» Exercise directions
Some lines in the entries contain the word "full". Copy all of them.

» Provided records
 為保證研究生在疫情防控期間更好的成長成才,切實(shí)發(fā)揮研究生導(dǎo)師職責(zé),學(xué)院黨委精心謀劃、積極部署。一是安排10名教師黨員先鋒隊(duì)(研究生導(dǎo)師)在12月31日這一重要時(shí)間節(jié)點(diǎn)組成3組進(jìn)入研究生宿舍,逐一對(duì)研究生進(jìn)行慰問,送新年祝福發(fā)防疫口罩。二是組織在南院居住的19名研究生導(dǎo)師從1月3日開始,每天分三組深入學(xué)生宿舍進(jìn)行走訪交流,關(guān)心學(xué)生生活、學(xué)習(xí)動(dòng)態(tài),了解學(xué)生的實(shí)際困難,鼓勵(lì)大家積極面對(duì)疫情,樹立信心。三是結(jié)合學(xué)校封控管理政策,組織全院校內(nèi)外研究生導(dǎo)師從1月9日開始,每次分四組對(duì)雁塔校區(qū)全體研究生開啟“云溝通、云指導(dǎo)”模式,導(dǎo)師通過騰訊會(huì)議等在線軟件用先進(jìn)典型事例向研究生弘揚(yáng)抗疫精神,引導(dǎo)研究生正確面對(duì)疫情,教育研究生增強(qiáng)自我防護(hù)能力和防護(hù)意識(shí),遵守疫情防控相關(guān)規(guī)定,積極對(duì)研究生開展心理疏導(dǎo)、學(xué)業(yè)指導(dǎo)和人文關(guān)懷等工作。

--

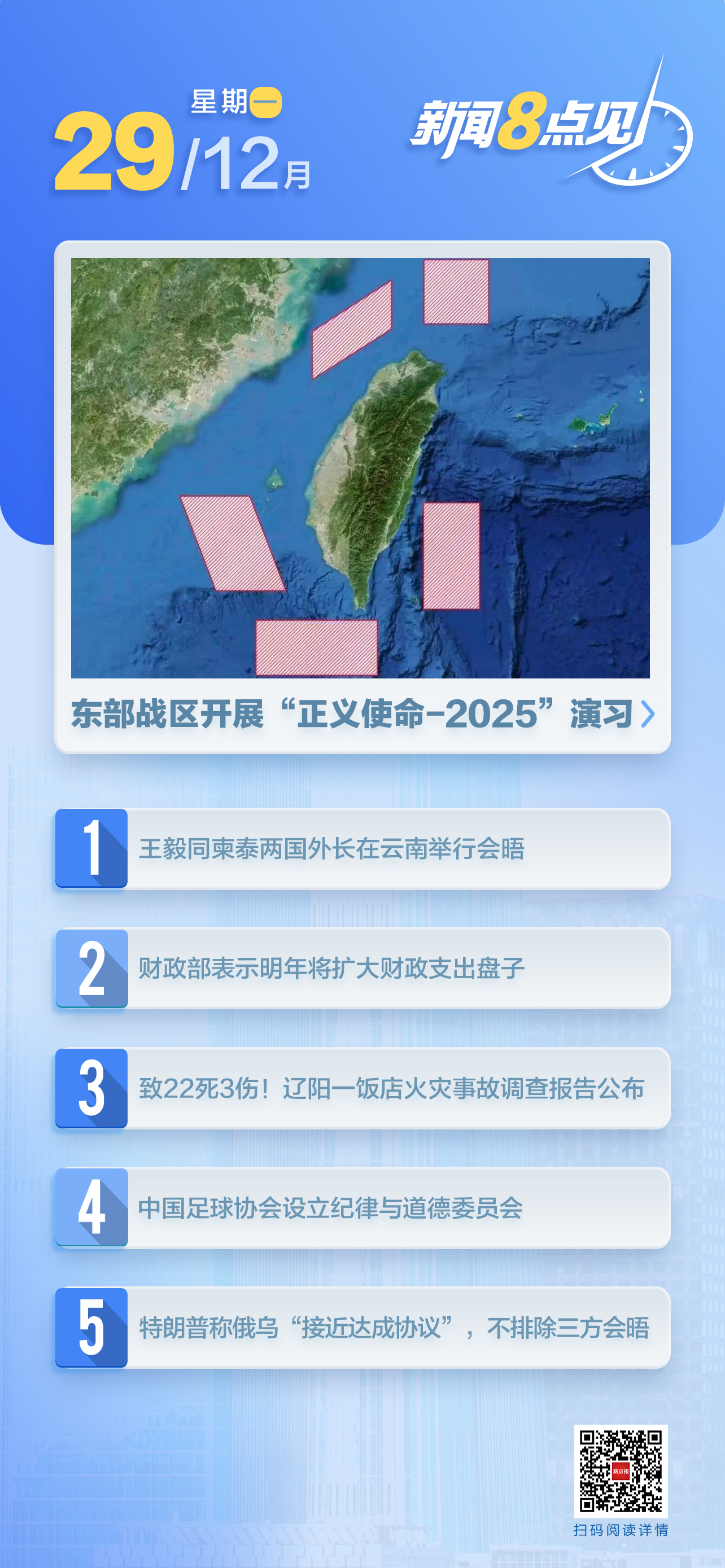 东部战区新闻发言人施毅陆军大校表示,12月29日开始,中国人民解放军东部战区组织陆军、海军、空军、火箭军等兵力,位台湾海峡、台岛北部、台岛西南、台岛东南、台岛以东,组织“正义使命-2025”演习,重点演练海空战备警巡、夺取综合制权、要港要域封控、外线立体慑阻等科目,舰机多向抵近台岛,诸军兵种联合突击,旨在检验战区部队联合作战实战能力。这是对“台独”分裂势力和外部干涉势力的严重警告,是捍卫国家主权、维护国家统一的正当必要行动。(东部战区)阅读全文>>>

--

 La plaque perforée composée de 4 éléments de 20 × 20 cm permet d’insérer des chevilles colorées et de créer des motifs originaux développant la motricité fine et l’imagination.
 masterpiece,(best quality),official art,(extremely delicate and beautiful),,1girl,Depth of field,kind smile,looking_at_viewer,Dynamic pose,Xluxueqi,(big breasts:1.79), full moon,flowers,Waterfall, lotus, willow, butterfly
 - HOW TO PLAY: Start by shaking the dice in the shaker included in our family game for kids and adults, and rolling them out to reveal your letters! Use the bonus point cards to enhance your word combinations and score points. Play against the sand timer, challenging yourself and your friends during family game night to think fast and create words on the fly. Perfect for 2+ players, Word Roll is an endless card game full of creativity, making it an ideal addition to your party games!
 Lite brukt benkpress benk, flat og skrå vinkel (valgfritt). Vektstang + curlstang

» Output
 masterpiece,(best quality),official art,(extremely delicate and beautiful),,1girl,Depth of field,kind smile,looking_at_viewer,Dynamic pose,Xluxueqi,(big breasts:1.79), full moon,flowers,Waterfall, lotus, willow, butterfly
 - HOW TO PLAY: Start by shaking the dice in the shaker included in our family game for kids and adults, and rolling them out to reveal your letters! Use the bonus point cards to enhance your word combinations and score points. Play against the sand timer, challenging yourself and your friends during family game night to think fast and create words on the fly. Perfect for 2+ players, Word Roll is an endless card game full of creativity, making it an ideal addition to your party games!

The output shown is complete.